● Task prompt
Without including any pictures, reproduce all the lines below word for word.

● Extracted material
[Start of Attachment]

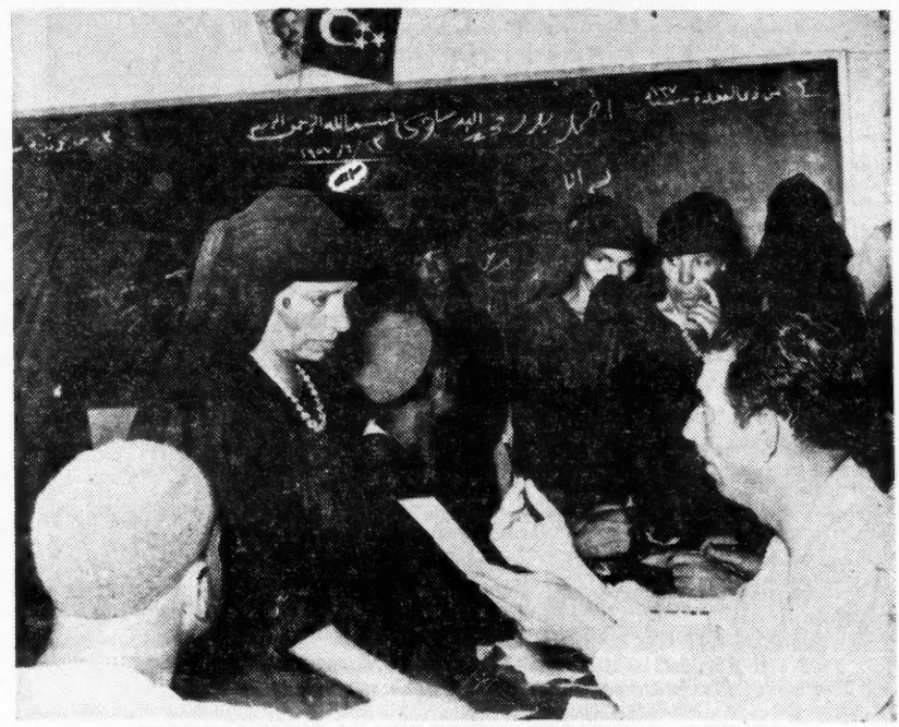
WOMEN VOTING IN THE RECENT ELECTIONS IN EGYPT For the first time in history two women were elected to the Egyptian Parliament. In Syria too women are emerging from the shadows of daily life.

There is, in addition, what amounts to a Western economic blockade. France, normally a big cotton buyer, and Britain have stopped buying altogether while the U. S. is dumping wheat at below world market prices in countries which usually buy Syrian wheat. Egypt has agreed in principle to buy the bulk of Syria's wheat over the next 10 years and Syrians seem confident that socialist countries will buy its products if the West will not. The blockade, however, is especially hurtful because agricultural production this year is the best in history and profitable sales
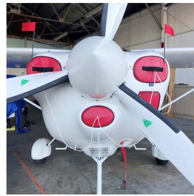
Tecnam Engine Plugs, set of 5
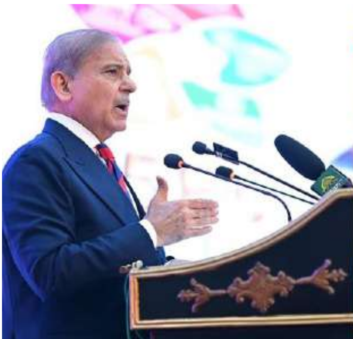
PRIME MINISTER SHEHBAZ SHARIF LAUNCHES 'URAAN PAKISTAN: HOMEGROWN NATIONAL ECONOMIC PLAN'. ISLAMABAD. 31 DECEMBER 2024
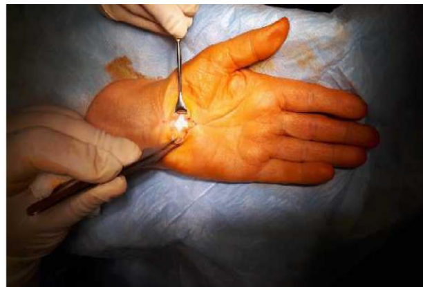
Figure 2. Transverse ligament of the wrist (J. Strychr's material)

[End of Attachment]

● Exercise output
WOMEN VOTING IN THE RECENT ELECTIONS IN EGYPT For the first time in history two women were elected to the Egyptian Parliament. In Syria too women are emerging from the shadows of daily life.

There is, in addition, what amounts to a Western economic blockade. France, normally a big cotton buyer, and Britain have stopped buying altogether while the U. S. is dumping wheat at below world market prices in countries which usually buy Syrian wheat. Egypt has agreed in principle to buy the bulk of Syria's wheat over the next 10 years and Syrians seem confident that socialist countries will buy its products if the West will not. The blockade, however, is especially hurtful because agricultural production this year is the best in history and profitable sales
Tecnam Engine Plugs, set of 5
PRIME MINISTER SHEHBAZ SHARIF LAUNCHES 'URAAN PAKISTAN: HOMEGROWN NATIONAL ECONOMIC PLAN'. ISLAMABAD. 31 DECEMBER 2024
Figure 2. Transverse ligament of the wrist (J. Strychr's material)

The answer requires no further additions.